In his book, Eat to Live, Dr. Joel Fuhrman proposes that the higher the ratio of nutrients to calories, the less you crave high-calorie, low-nutrient foods. Results of those following his plan are profound. In fact, you can view a few of the Eat to Live success stories, including Fort Wayne’s own Emily Boller, at The Dr. Oz Approved 7-Day Crash Diet | Related Content | The Dr. Oz Show.
I decided to give the Eat to Live Fudgy Black Bean Brownies a try. I modified the recipe slightly by adding grated zucchini for an additional nutrient boost. It was an easy, kid-friendly recipe which the kids loved making, especially since the delicious batter was permissible since it was egg-free (yuck, Salmonella) and nutritious. We doubled the recipe so we have plenty of left-overs in the freezer for a quick, healthy dessert.
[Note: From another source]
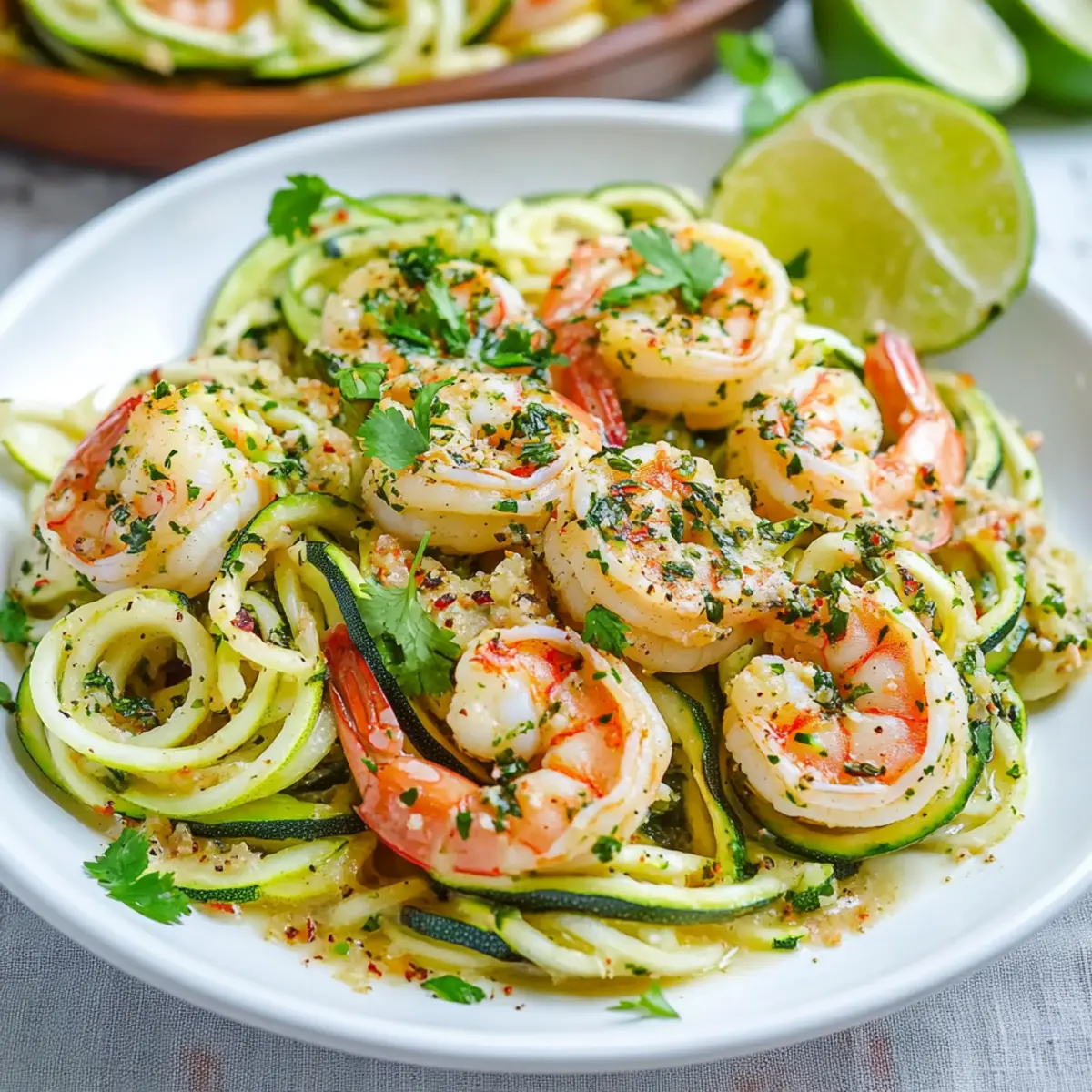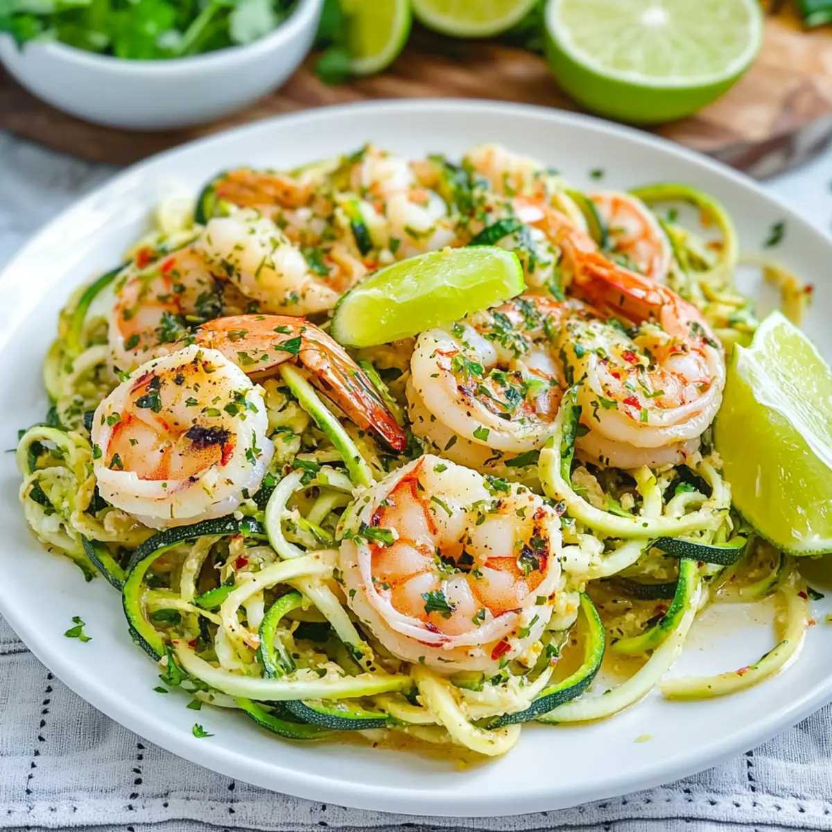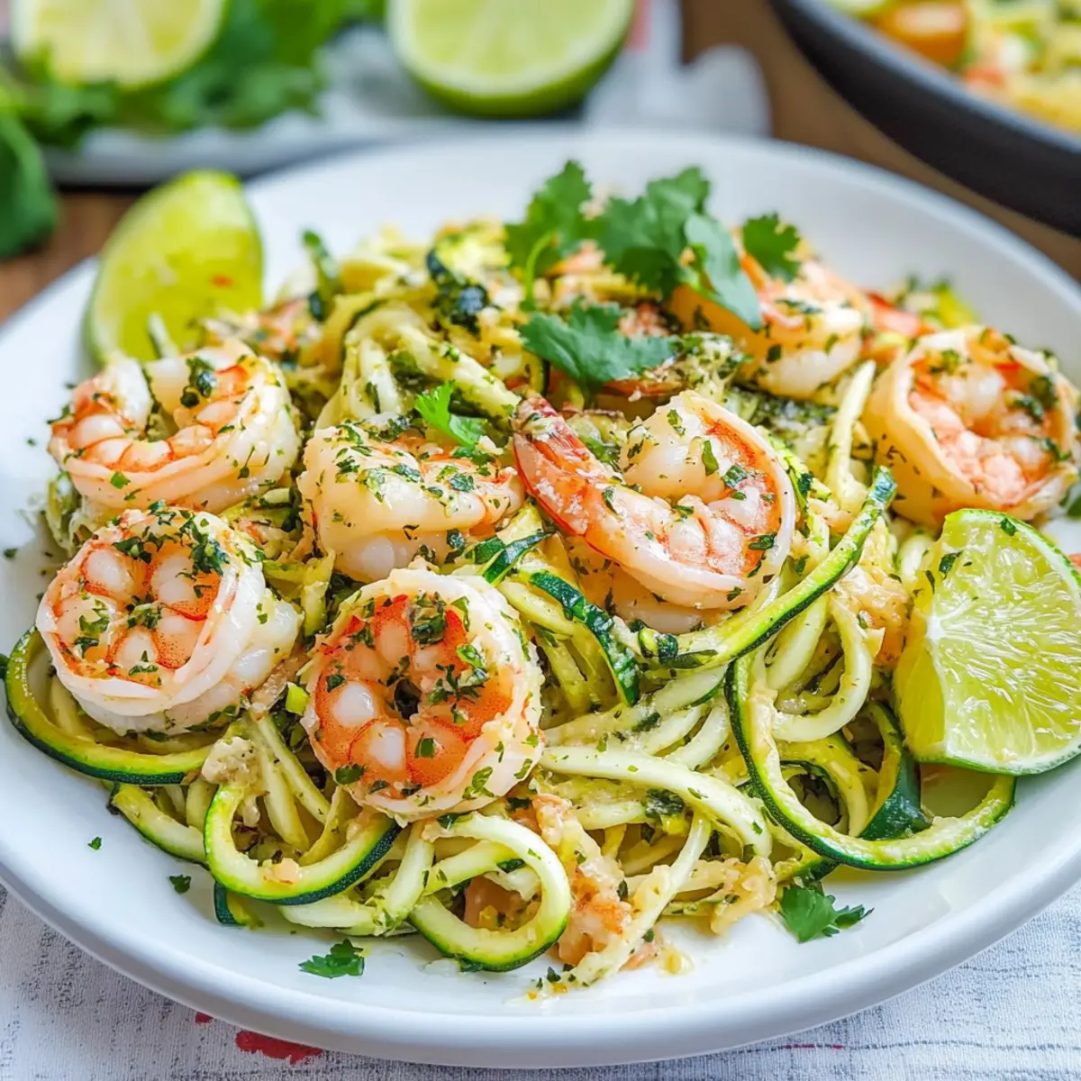 The sizzling sound of shrimp dancing in a buttery lime sauce instantly transports me to sun-soaked summer evenings, where every bite feels like a celebration. Today, I’m thrilled to share my recipe for Cilantro Lime Shrimp Scampi with Zucchini Noodles—a delightful, quick-and-easy meal that packs a punch of flavor while keeping things light and healthy. In just 20 minutes, you can whip up this gluten-free, low-carb dish that’s not only a showstopper for dinner parties but also perfect for those busy weeknights when you crave something homemade. Fresh zucchini noodles replace traditional pasta, adding a nutritious twist to classic scampi. Who else is ready to dive into this refreshing meal that’s as vibrant as it is delicious? Why is this dish a must-try? Flavor-Packed Delight: The marriage of buttery richness and zesty lime creates a mouthwatering sauce that elevates this dish beyond the ordinary. Quick and Easy: Whip up this meal in just 20 minutes, making it ideal for busy weeknights yet impressive enough for dinner guests. Healthy Twist: Using zucchini noodles instead of pasta not only keeps this meal low-carb but also adds a delightful crunch, lighter than traditional scampi. Customizable Goodness: Swap shrimp for chicken or tofu to suit your preferences or add colorful veggies, enhancing both the nutrition and aesthetic appeal—just like my Summer Corn Zucchini recipe! Crowd-Pleaser: Bursting with vibrant flavors, this dish is bound to impress both family and friends alike, making it a go-to favorite. Cilantro Lime Shrimp Scampi Ingredients • Get ready to bring the flavors of summer to your table with these fresh ingredients! For the Sauce Butter – Adds rich flavor and helps create a beautifully emulsified sauce. Substitution: Use olive oil for a dairy-free version. Garlic – Infuses the dish with aromatic depth. Fresh garlic is best for flavor, enhancing the scampi. White Wine or Broth – Essential for deglazing the pan, bringing out the flavors. Substitution: Use vegetable broth for a lighter option. Red Pepper Flakes (optional) – Adds a dash of heat and spice. Substitution: Omit for a milder taste or use crushed black pepper instead. Lime Juice – Brightens the flavor and amplifies the shrimp’s natural sweetness. Use freshly squeezed for the best taste. Lime Zest – Gives an extra zing and aromatic punch. Use fresh zest for maximum flavor. For the Shrimp Jumbo Shrimp (16-24) – The star of the dish, providing tender and juicy bites. Note: Ensure they are shelled and deveined for convenience before starting. For the Zoodles Zucchini – Serves as a low-carb alternative to pasta. Preparation: Spiralize or use a vegetable peeler to create noodles. For Seasoning Cilantro (Chopped) – Adds a fresh herbaceous flavor that pairs wonderfully with lime. Substitution: Use Italian flat-leaf parsley for those who dislike cilantro. Salt and Pepper – Essential for balancing flavors. Adjust to taste for the perfect seasoning. Step‑by‑Step Instructions for Cilantro Lime Shrimp Scampi with Zucchini Noodles Step 1: Cook the Shrimp Begin by melting 2 tablespoons of butter in a large skillet over medium-high heat until it becomes frothy. Once the butter is ready, add the shelled and deveined jumbo shrimp to the pan, cooking for 2 minutes on one side. When they turn pink and opaque, flip the shrimp and continue to cook for an additional minute. Remove the shrimp from the skillet and set them aside, keeping them warm. Step 2: Prepare the Sauce In the same skillet, pour in ½ cup of white wine (or broth) along with the juice of one lime to deglaze the pan. Use a spatula to scrape up any delicious brown bits left from cooking the shrimp. Allow the mixture to simmer for about 2 minutes, allowing it to reduce slightly while the aroma fills your kitchen. This step builds a flavorful base for your Cilantro Lime Shrimp Scampi. Step 3: Cook the Zucchini Noodles Next, add your freshly spiralized zucchini noodles to the skillet, gently tossing them to coat in the sauce. Cook for around 2 minutes, just until the noodles are tender but still have a slight crunch. This quick sauté helps them soak up the vibrant flavors without becoming mushy. Season the zoodles with salt and pepper to taste, keeping the dish light yet delicious. Step 4: Combine and Finish Return the cooked shrimp to the skillet, along with the zest of one lime and a handful of chopped cilantro. Toss everything together in the pan until the shrimp are heated through and well coated in the buttery sauce, which should take about 1-2 minutes. Remove from heat, ensuring every bite is infused with zesty goodness, while the fresh cilantro adds a pop of color and flavor. What to Serve with Cilantro Lime Shrimp Scampi Create a delightful and complete dining experience by pairing your dish with these perfect accompaniments. Creamy Avocado Salad: This refreshing salad adds a subtle creaminess that balances the zesty flavors of scampi beautifully. Toss sliced avocado with lime juice and cilantro for a quick side. Garlic Bread: Crunchy, buttery garlic bread is a classic choice for mopping up that delicious sauce. Its rich texture perfectly offsets the lightness of zucchini noodles. Quinoa Pilaf: Fluffy quinoa with toasted nuts and fresh herbs provides a satisfying nutty flavor and additional protein, making it a wholesome and hearty side. Grilled Asparagus: Tender, lightly charred asparagus drizzled with olive oil brings a smoky flavor that complements the citrus notes of the shrimp scampi wonderfully. Coleslaw: A crisp, tangy coleslaw adds refreshing crunch, contrasting the tender shrimp and zoodles, while the vinegar dressing enhances the dish’s brightness. Mango Salsa: Vibrant and sweet, mango salsa introduces a tropical note that pairs delightfully with the shrimp’s citrusy zing and adds a burst of color to your plate. Chilled White Wine: A glass of chilled Sauvignon Blanc or a light, citrus-infused cocktail enhances the din

I will definitely be filing this recipe as a family favorite!
1 small organic zucchini, grated
4 cups cooked black beans (I used the pressure cooker)
12 Medjool dates, pitted
3 T nut butter (I used combo of homemade peanut, walnut, and almond butter)
2 T vanilla extract
1 cup unsweetened cocoa powder
2 T ground chia seeds
1/2 c ground nuts, optional
1/2 c unsweetened toasted coconut, optional
Preheat oven to 250 degrees. Grate zucchini in food processor, then set aside in mixing bowl. Add remaining ingredients to food processor and blend until smooth. Add mixture to mixing bowl of grated zucchini and mix well. Spoon batter into greased muffin tins (or brownie pan). Bake for about 1- 1 1/2 hours. Cool in pan for a few minutes before transferring to cooling rack. Enjoy plain or serve with home-made fruit sorbet.